■ **Task description**: What are the lines below, starting at the line containing "Estos novedosos cubitos" and ending at the line containing "Sanli Genuine Leather"? Write them out exactly, ends included, without pictures.

■ **Data records**:
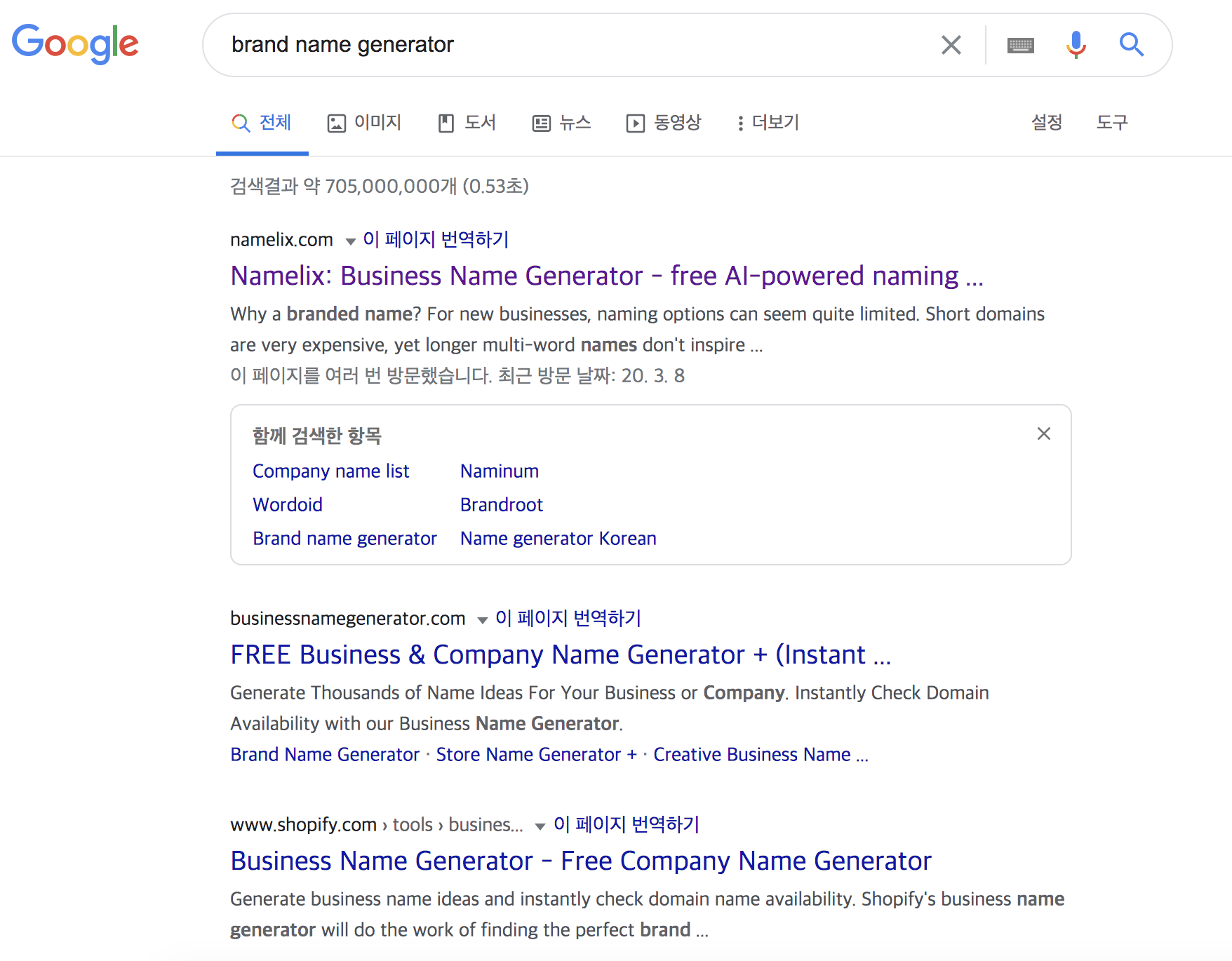 구글에 'brand name generator'라고 검색하면, 신규 비즈니스를 위한 이름을 만들어주는 사이트가 여러 개 나오는데요,
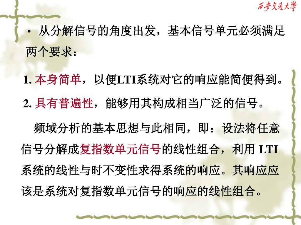 从分解信号的角度出发,基本信号单元必须满足两个要求:从分解信号的角度出发,基本信号单元必须满足两个要求: 1. 本身简单,以便LTI系统对它的响应能简便得到。 2. 具有普遍性,能够用其构成相当广泛的信号。 频域分析的基本思想与此相同,即:设法将任意信号分解成复指数单元信号的线性组合,利用 LTI 系统的线性与时不变性求得系统的响应。其响应应该是系统对复指数单元信号的响应的线性组合。
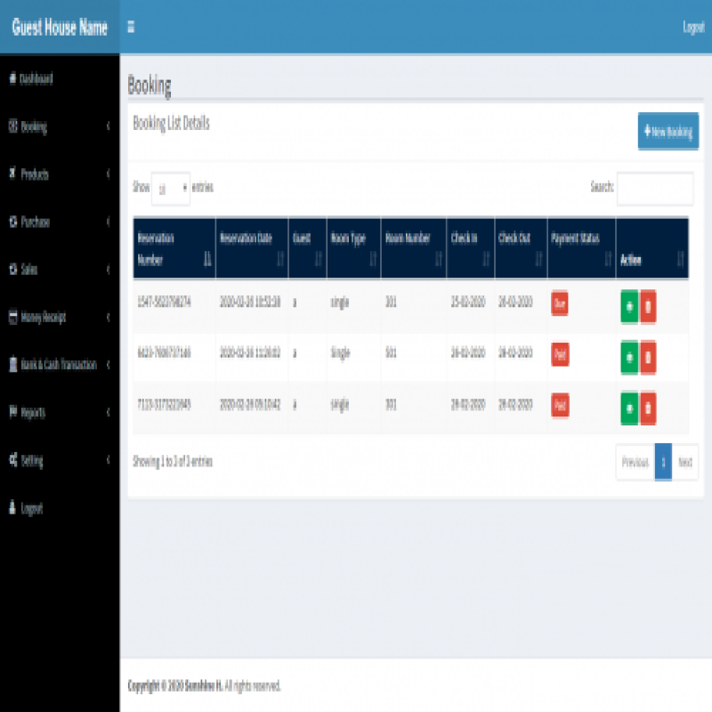 > Daily room booking history
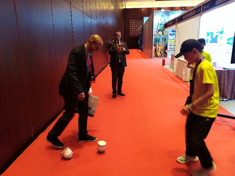 近年来,河南康华足螺有限公司对足螺研发取得长足进步,足螺运动普及校园速度逐渐加快,会展期间足螺体育产品引来广大体育行业嘉宾大咖及体育产业从业者、外国朋友们的驻足观看交流。企鹅体育总裁刘建宏对新型体育运动产品足螺给予了评价和建议,前美国足球队教练一边拿着足螺一边盯着现场足螺表演者,并和身边的足螺讲解员以及翻译讨论个不停,从他与翻译的对话中,能够听到他对足螺表示好奇,也对这个新型体育运动很感兴趣。世界轮滑冠军廖杰称:“足螺和轮滑体育用品都是用脚运动,足螺应该多举办大型赛事活动,名气也会越来越大”。路过的芬兰大使也被精彩的踢螺运动所吸引,不由自主地驻足观看拍照留念,这足以说明足螺运动具备了“国际化”水准!
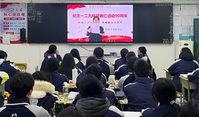 该校团委副书记王一妃介绍了一二·九运动的历史背景:1935年,日本帝国主义加紧侵华,华北危机空前严重。“华北之大,已经安放不下一张平静的书桌了!”在此民族存亡关头,北平数千名学生冲破封锁,走上街头,掀起全国抗日救亡新高潮。随后详细讲解了运动的过程和意义。一二·九运动促进了中华民族的觉醒,推动了抗日民族统一战线的形成,展现了青年学生崇高的爱国主义精神。最后强调新时代团员应当坚定理想信念,听党话、跟党走;勤奋学习知识,练就过硬本领;勇于实践创新,担当时代责任;锤炼高尚品格,引领社会风尚。
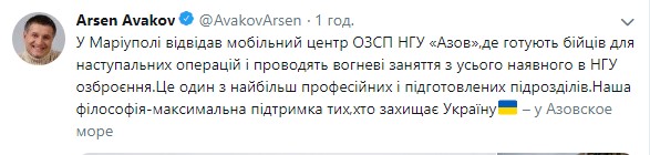 "В Мариуполе посетил мобильный центр ОЗСП НГУ "Азов", где готовят бойцов для наступательных операций и проводят огневые занятия из всего имеющегося в НГУ вооружения. Это одно из самых профессиональных и подготовленных подразделений. Наша философия максимальная поддержка тех, кто защищает Украину", - написал министр.
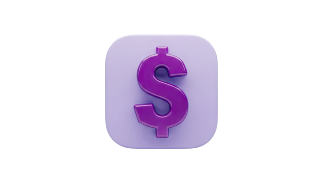 3D purple dollar sign icon on a light purple rounded square on transparent background
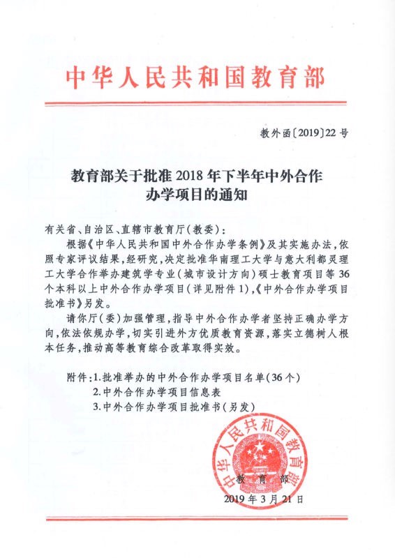 中华人民共和国中外合作办学项目批准书
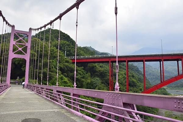 粉紫色的復興橋在青山綠水間,有著柔和之美!
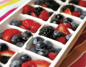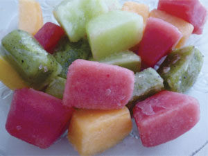 Estos novedosos cubitos te serán muy útiles para decorar un evento especial o un almuerzo al aire libre. Los puedes hacer con fruta licuada o trozos de frutas agregándole un almíbar suave.
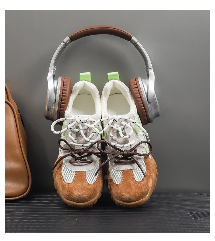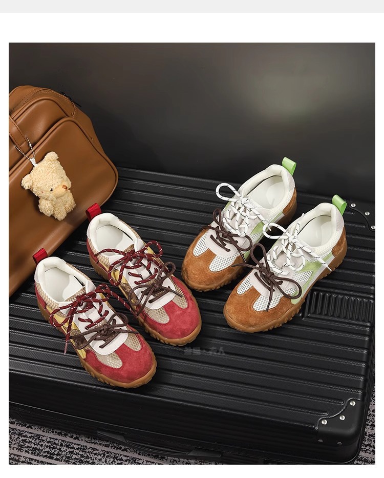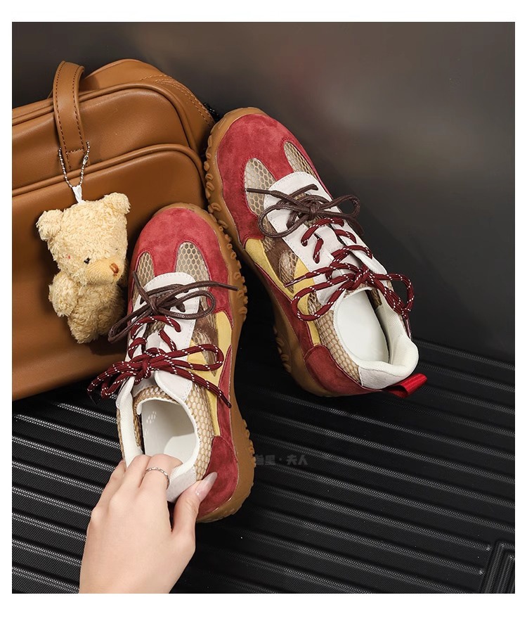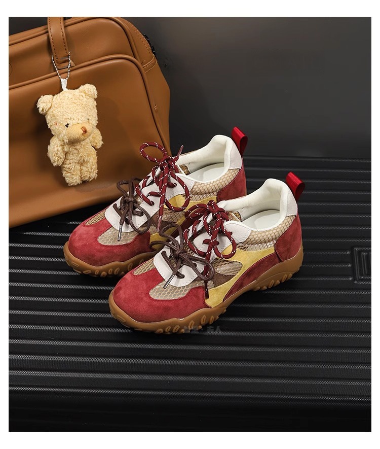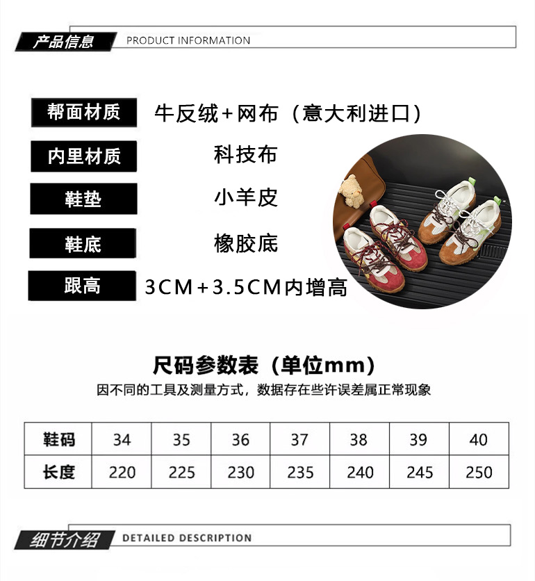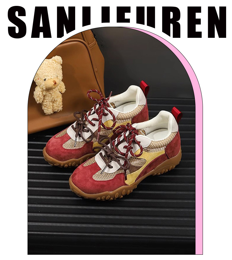 Sanli Genuine Leather Versatile Height-Increasing Casual Shoes for Women 2025 Spring/Summer New Thick-Soled Breathable Mesh German Training Shoes
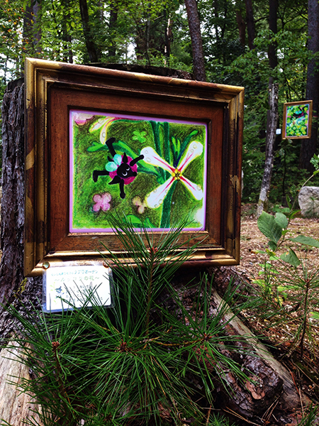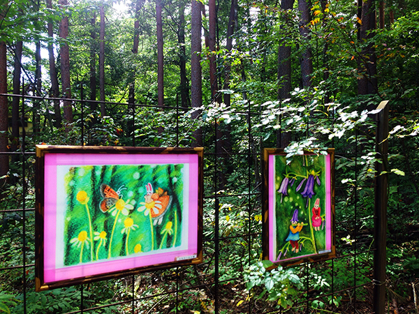 木や切り株に貼り付けてあるとか、壁に飾っている後ろに林があるとか個人的にはかなり興味そそられる展示でございます。
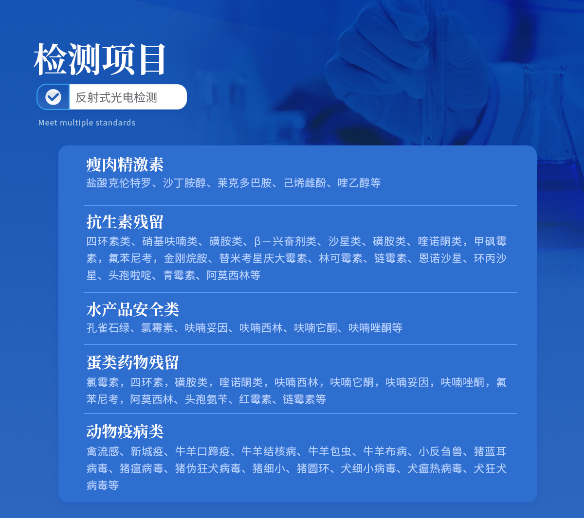 | 瘦肉精激素:鹽酸克倫特羅、沙丁胺醇、萊克多巴胺、己烯雌酚、喹乙醇等 | 抗生素殘留:四環(huán)素類、硝基呋喃類、磺胺類、β-興奮劑類、沙星類、磺胺類、喹諾酮類,甲砜霉素,氟苯尼考,金剛烷胺、替米考星、慶大霉素、林可霉素、鏈霉素、恩諾沙星、環(huán)丙沙星、頭孢啦啶、青霉素、阿莫西林等 | 水產(chǎn)品安全類:孔雀石綠、氯霉素、呋喃妥因、呋喃西林、呋喃它酮、呋喃唑酮等 | 蛋類藥物殘留 氯霉素,四環(huán)素,磺胺類,喹諾酮類,呋喃西林,呋喃它酮,呋喃妥因,呋喃唑酮,氟苯尼考,阿莫西林、頭孢氨芐、紅霉素、鏈霉素等 | 動物疫病類:禽流感、新城疫、牛羊口蹄疫、牛羊結(jié)核病、牛羊包蟲、牛羊布病、小反芻獸、豬藍(lán)耳病毒、豬瘟病毒、豬偽狂犬病毒、豬細(xì)小、豬圓環(huán)、犬細(xì)小病毒、犬瘟熱病毒、犬狂犬病毒等 |
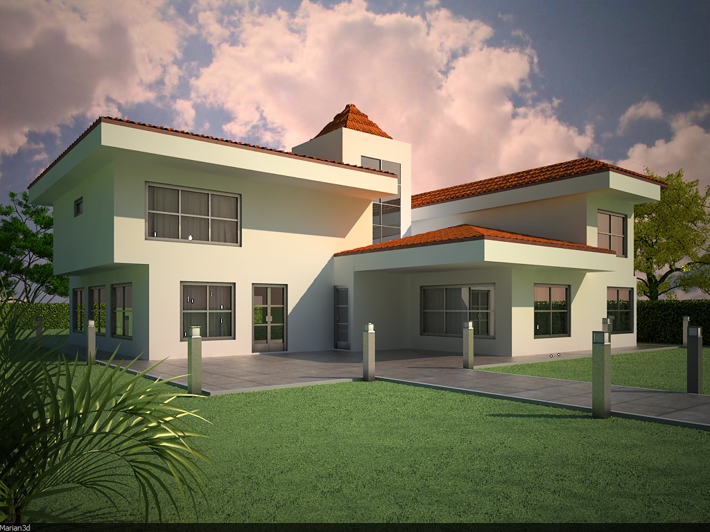 Hola necesitria que me den algunos consejos para mejorar esta vista exterior, está modelado en AutoCAD y renderizado en 3ds Max con Vray, no sé por qué salen esas manchas blancas en las ventanas y los puntos en la vereda si alguien sabe estaría agradecido que me explique, también algunos consejos para ambientar mejor la imagen y que quede más real, bueno saludos.
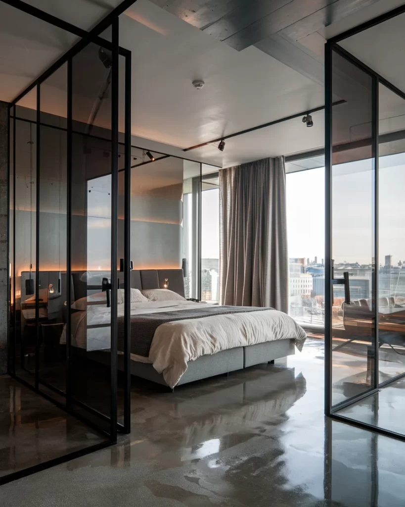 Featuring dramatic floor-to-ceiling glass partitions with black metal frames, this bedroom demonstrates how Stockholm style can incorporate industrial elements. The polished concrete floors and exposed ceiling elements create an urban loft aesthetic while maintaining the clean, uncluttered approach typical of Scandinavian design.
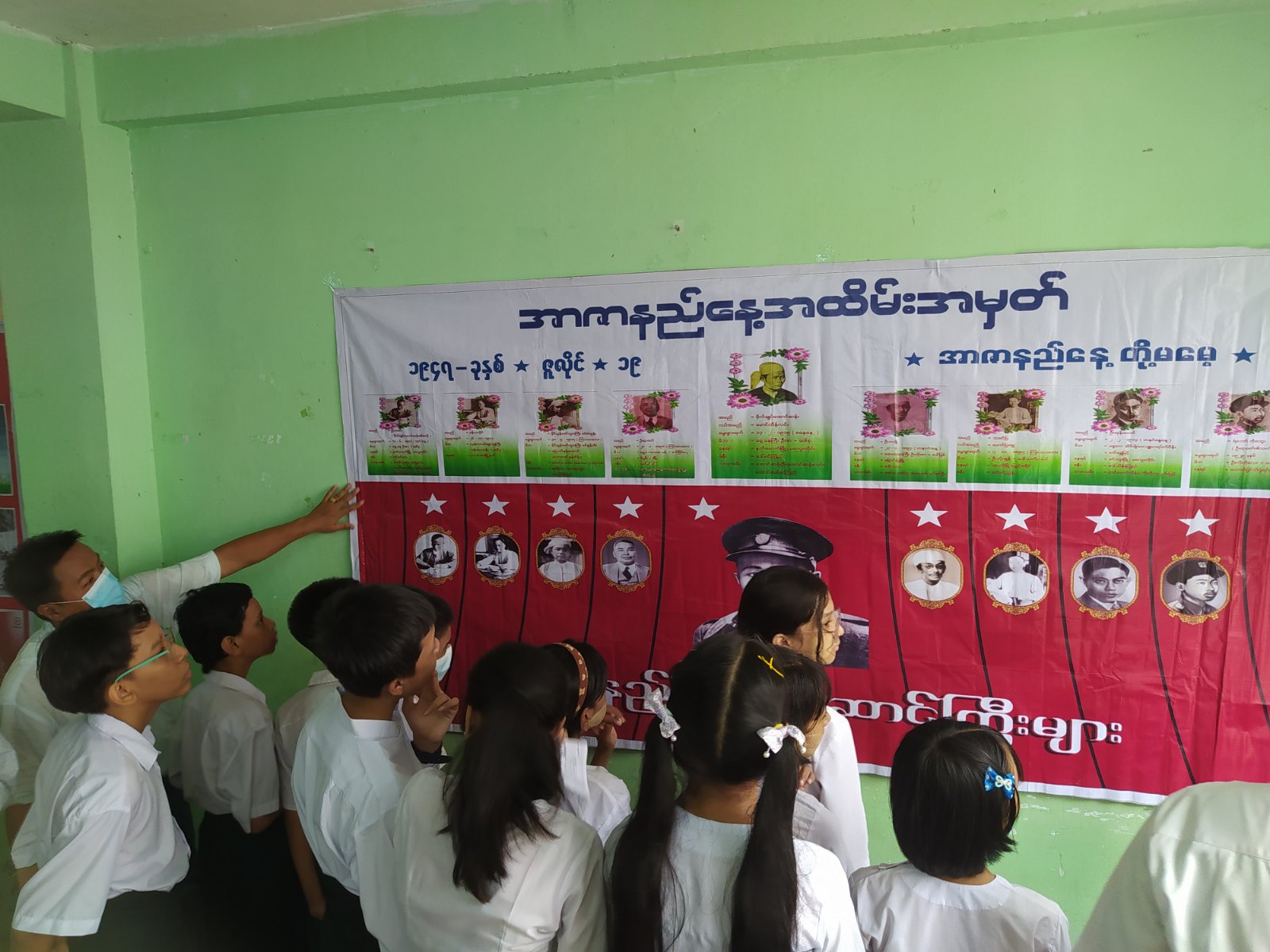 ယင်းနောက် အာဇာနည်နေ့နှင့်ပတ်သက်သည့် အကြောင်းအရာများပါဝင်သည့် နံရံကပ် စာစောင်များပြသခြင်း၊ စာဖတ်ရှိန်မြင့်မားရေး စာအုပ်၊ စာပေနှင့် ကျောင်းသား/ကျောင်းသူများ နီးစပ်စေမည့်စာအုပ်ပြပွဲ ပြသခြင်းများဆောင်ရွက်ခဲ့ရာ ကျောင်းသားလူငယ်များမှ စိတ်ဝင်တစား လေ့လာ ကြည့်ခဲ့ကြကြောင်း သိရသည်၊၊

■ **Task output**:
 Estos novedosos cubitos te serán muy útiles para decorar un evento especial o un almuerzo al aire libre. Los puedes hacer con fruta licuada o trozos de frutas agregándole un almíbar suave.
 Sanli Genuine Leather Versatile Height-Increasing Casual Shoes for Women 2025 Spring/Summer New Thick-Soled Breathable Mesh German Training Shoes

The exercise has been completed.